Blauzungenkrankheit

Die Blauzungenkrankheit (Bluetongue Disease, BT)  gehört zu den anzeigepflichtigen Tierseuchen. BT ist eine Virusinfektion und betrifft nur Wiederkäuer, hauptsächlich also Rinder und Schafe. Ziegen und Wildwiederkäuer können ebenfalls erkranken. Menschen können sich nicht anstecken. Fleisch- und Milchprodukte dürfen deshalb bedenkenlos verzehrt werden. Das Virus wird von Stechmücken der Gattung Culicoides (Gnitzen) übertragen und ist somit nicht direkt (z.B. durch Schmierinfektionen) ansteckend. Die Mücke nimmt das Virus durch das Blut eines infizierten Tieres in sich auf und überträgt dieses beim nächsten Saugen auf ein anderes Tier.

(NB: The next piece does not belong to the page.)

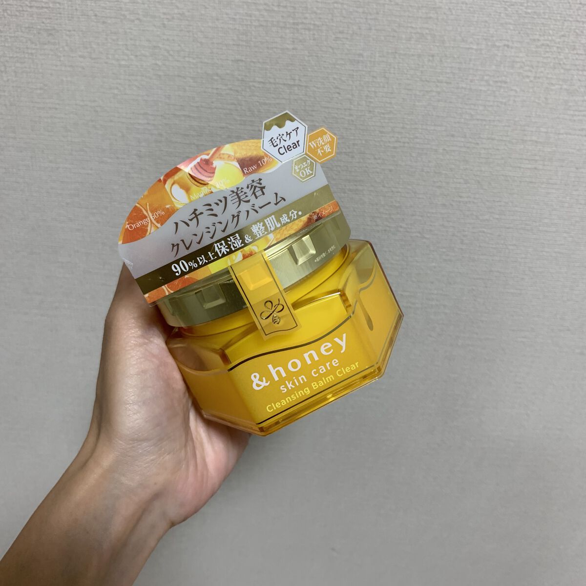- クレンジングバーム クリアは、さっぱり毛穴ケアシリーズ。 パパイン*1とハチミツ*2の潤いピーリング効果*3により、さっぱりとしたクリアな肌へ導きます。 さらに製品の90%以上※1をハチミツ*2やアルガンオイル*4、オーガニックヒアルロン酸*5などの保湿&整肌成分で構成し、ハニークリア成分*6が、毛穴汚れ・皮脂をケアします。 【商品特長】毛穴汚れをしっかり落とし、さっぱりとしたクリアな肌へ導きます 【仕上がり】さっぱり 【おすすめの方】毛穴ケアしたい方 【香り】フレッシュハニーの香り ※1 基剤を除く、水を含む *1 角質ケア *2 保湿 *3 肌表面の古い角質の洗浄 *4 アルガニアスピノサ核油(保湿) *5 加水分解ヒアルロン酸(保湿) *6 パパイン(角質ケア)、ハチミツ(保湿)

Ist ein Tier erkrankt, reagiert es mit Fieber, Lahmheit und Apathie. Flüssigkeit sammelt sich in den Geweben an und es kommt zu Schwellungen im Maulbereich und vermehrtem Speichelfluss. Die Zunge kann ebenfalls anschwellen, blau werden und aus dem Maul hängen. Es existieren verschiedene Serotypen, d.h. verschiedene Varianten von BT-Vieren. In unseren Breiten dominiert der bisher wenig erforschte BTV 8 und die Krankheit verläuft eher leicht. Andere Virustypen können jedoch zum Tode von bis zu 80% der befallenen Tiere führen. Die Blauzungenkrankheit trat bis 2006 vor allem in wärmeren Ländern auf, da die Überträgermücke nur bei hohen Temperaturen aktiv ist und das Virus selbst ebenfalls Wärme benötigt, um sich in der Mücke zu vermehren. Trotzdem kann das Virus unbeschadet den Winter überstehen. Einerseits ist es in der Lage bis zu 160 Tage in den Blutkörperchen eines Wiederkäuers zu überleben und anderseits nutzen einige Gnitzenpopulationen die warmen Nutztierställe um zu überwintern. Durch den Handel mit infizierten Tieren oder dem Eintrag infizierter Gnitzen (z.B. durch Waren oder Tiertransporte) breitet sich das Virus schnell aus. Zudem können infizierte Mücken durch Winde und Flugzeuge bis zu 200 km weit versetzt werden. Mittlerweile hat sich das BTV 8 über weite Teile Europas ausgebreitet.

Erstmals trat das Virus im August 2006 in unseren Breitengeraden auf. Anschließend wurden in diesem Jahr 885 Fälle bundesweit amtlich nachgewiesen. Im Jahr 2007 stieg die Anzahl der infizierten Tiere bereits auf etwa 20.500 Fälle an. Nach Beginn der flächendeckenden Pflichtimpfungen von Rindern, Schafen und Ziegen sank die Zahl 2008 wieder auf etwa 5000 Fälle und im Jahr 2009 wurden nur noch 142 Fälle bestätigt. 2010 wurde bislang noch kein Fall gemeldet. Die Impfung gegen den Serotyp  BVT 8 erfolgt seit 2010 nur noch auf freiwilliger Basis. Dass die Tierhalter freiwillig weiterhin ihre Tiere impfen lassen, ist aber eher unwahrscheinlich. Denn nun tragen nicht mehr der Staat und die EU, sondern der Halter den Großteil der Kosten. Daraus folgt jedoch ein hohes Risiko für einen Neuausbruch der Seuche ab 2011.